= DATA EXTRACT =

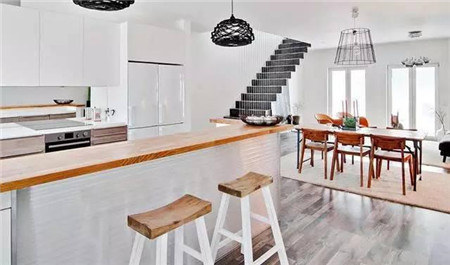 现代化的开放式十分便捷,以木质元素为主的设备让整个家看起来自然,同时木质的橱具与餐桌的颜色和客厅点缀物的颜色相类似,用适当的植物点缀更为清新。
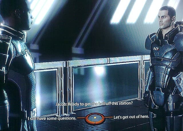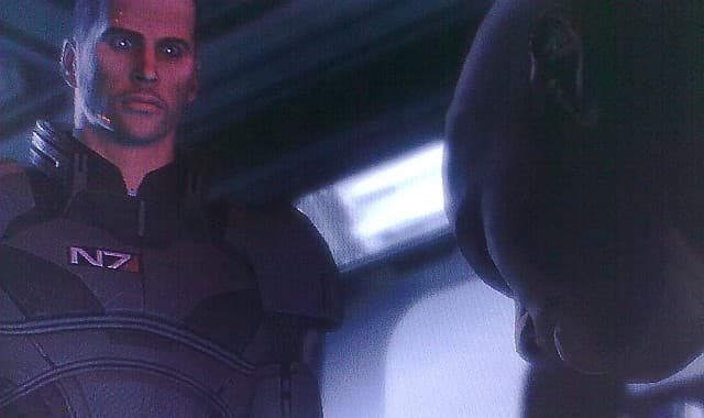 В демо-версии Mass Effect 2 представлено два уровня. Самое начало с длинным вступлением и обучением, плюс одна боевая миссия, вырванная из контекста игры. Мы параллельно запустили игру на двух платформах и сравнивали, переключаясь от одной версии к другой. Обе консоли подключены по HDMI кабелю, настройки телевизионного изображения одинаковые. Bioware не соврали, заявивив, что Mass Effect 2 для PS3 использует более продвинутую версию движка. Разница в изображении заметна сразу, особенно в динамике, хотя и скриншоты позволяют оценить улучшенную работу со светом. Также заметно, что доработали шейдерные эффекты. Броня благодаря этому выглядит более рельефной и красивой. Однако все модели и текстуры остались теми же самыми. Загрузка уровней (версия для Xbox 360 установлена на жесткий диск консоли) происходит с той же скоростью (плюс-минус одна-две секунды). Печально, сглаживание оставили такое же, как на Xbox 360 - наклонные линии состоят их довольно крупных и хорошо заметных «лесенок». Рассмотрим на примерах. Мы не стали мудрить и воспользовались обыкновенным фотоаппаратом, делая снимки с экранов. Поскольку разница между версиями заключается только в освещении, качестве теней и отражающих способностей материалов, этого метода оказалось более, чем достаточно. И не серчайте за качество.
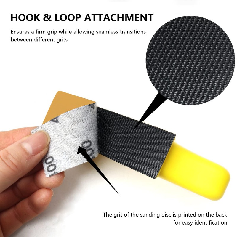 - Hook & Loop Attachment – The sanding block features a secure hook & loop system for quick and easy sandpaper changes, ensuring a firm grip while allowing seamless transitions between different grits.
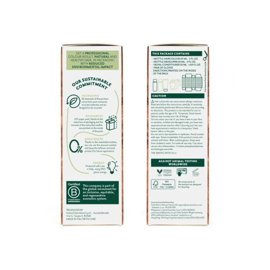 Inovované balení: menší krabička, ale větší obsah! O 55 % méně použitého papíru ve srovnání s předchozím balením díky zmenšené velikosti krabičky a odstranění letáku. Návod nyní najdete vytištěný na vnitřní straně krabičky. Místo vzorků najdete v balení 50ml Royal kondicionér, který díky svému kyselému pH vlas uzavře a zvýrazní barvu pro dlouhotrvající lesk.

--

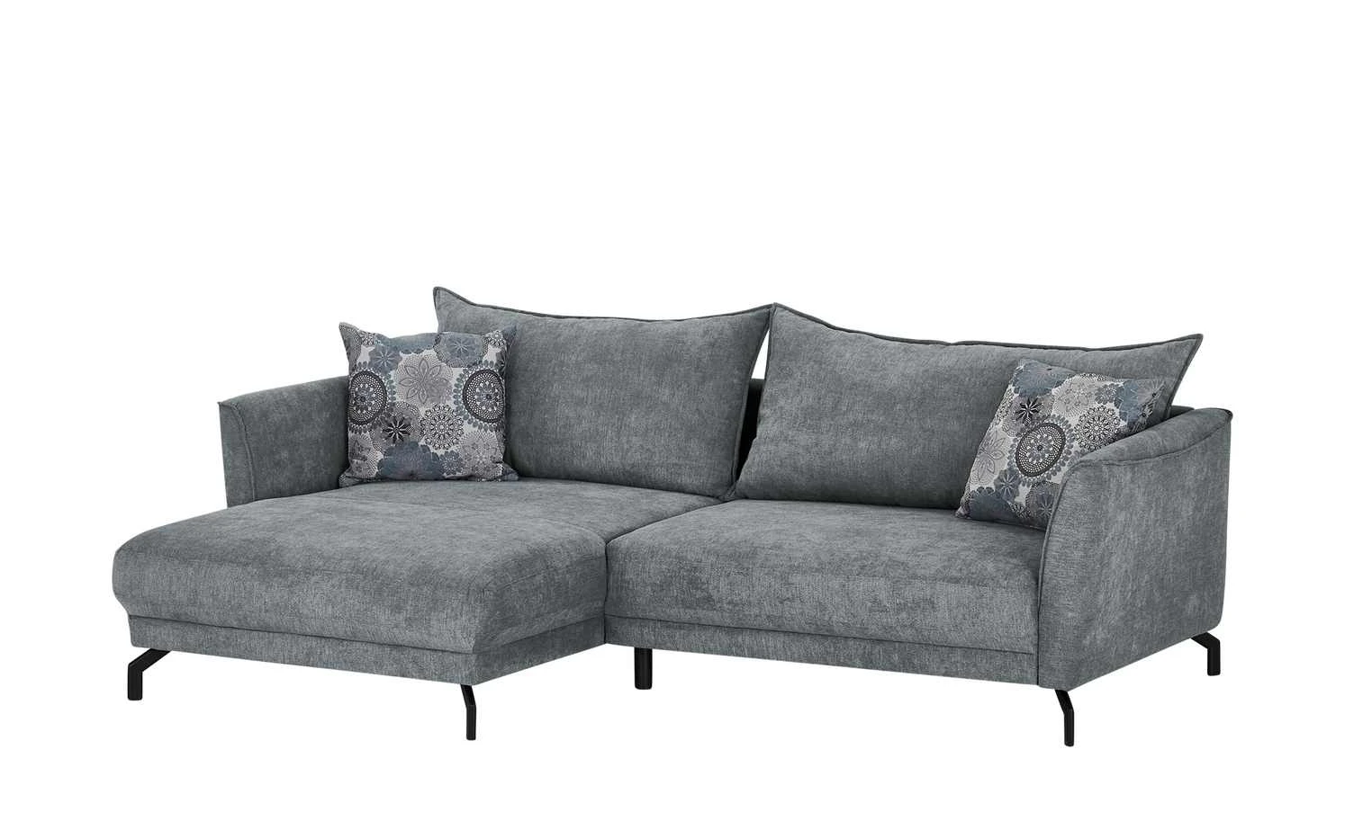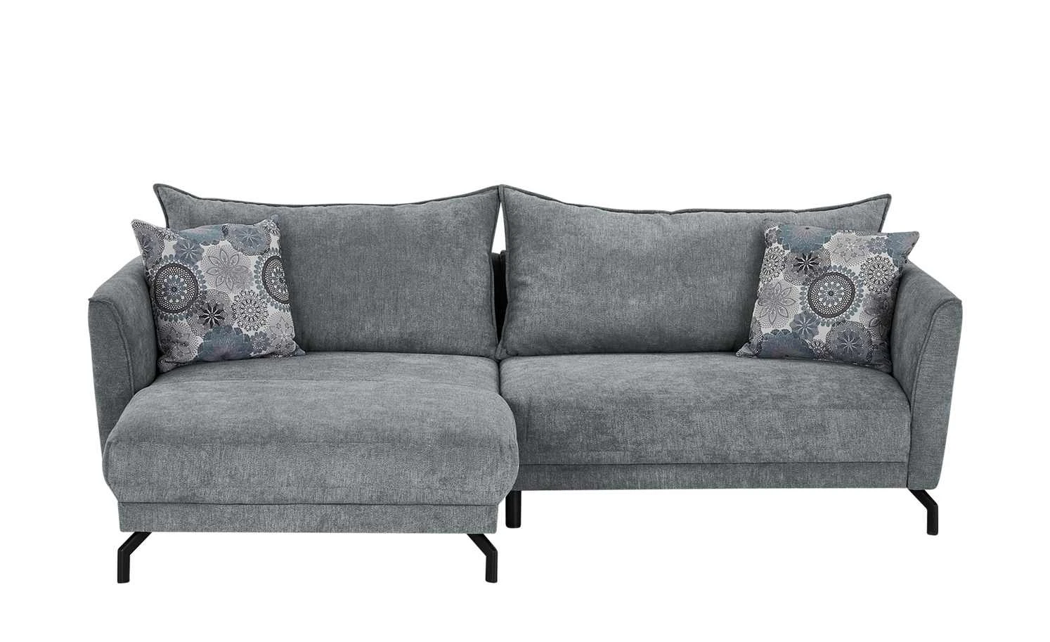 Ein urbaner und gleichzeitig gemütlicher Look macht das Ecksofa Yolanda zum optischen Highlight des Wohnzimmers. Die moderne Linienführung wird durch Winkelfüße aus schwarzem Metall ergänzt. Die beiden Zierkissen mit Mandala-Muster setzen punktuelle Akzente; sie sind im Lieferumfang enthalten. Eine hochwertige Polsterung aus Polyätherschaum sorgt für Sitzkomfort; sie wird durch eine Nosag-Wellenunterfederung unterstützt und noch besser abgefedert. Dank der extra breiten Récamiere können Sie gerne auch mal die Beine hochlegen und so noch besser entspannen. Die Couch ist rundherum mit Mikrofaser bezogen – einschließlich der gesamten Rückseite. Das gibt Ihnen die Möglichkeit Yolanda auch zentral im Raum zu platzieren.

---

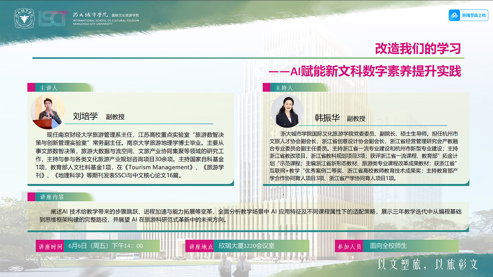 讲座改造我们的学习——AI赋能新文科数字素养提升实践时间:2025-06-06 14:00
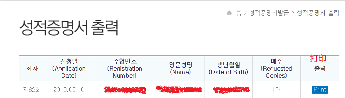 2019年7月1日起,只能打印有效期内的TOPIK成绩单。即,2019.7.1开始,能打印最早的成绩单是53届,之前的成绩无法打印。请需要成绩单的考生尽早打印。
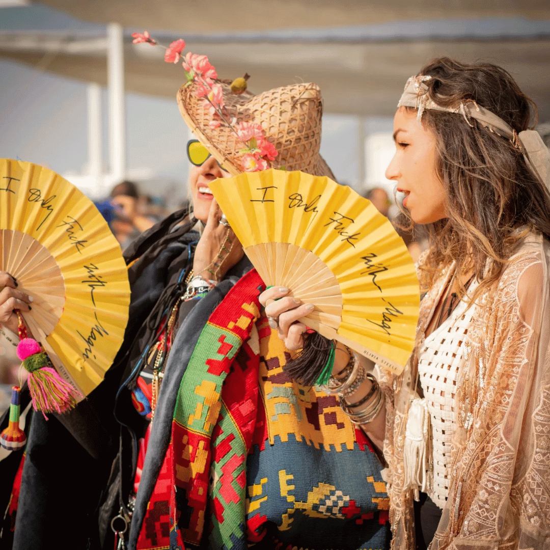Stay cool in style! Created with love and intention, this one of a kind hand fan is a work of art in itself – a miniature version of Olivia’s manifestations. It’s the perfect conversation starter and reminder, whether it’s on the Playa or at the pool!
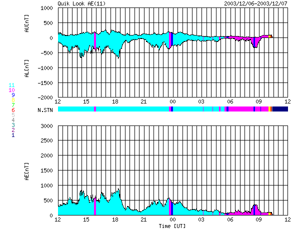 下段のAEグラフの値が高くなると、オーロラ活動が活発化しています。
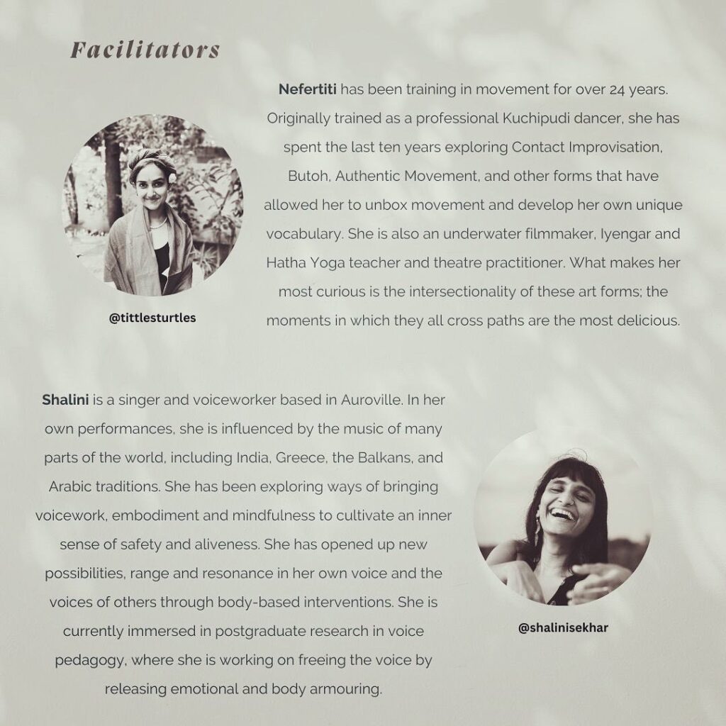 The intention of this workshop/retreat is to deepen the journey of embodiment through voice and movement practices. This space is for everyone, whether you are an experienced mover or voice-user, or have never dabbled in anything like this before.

= INSTRUCTIONS TO FOLLOW =
Work from the entries above. Set down exactly and only the lines from the line with "讲座改造我们的学习——AI赋" to the line with "2019年7月1日起,只能打", both included, and leave the pictures out.

= SOLUTION TO THE PROBLEM =
 讲座改造我们的学习——AI赋能新文科数字素养提升实践时间:2025-06-06 14:00
 2019年7月1日起,只能打印有效期内的TOPIK成绩单。即,2019.7.1开始,能打印最早的成绩单是53届,之前的成绩无法打印。请需要成绩单的考生尽早打印。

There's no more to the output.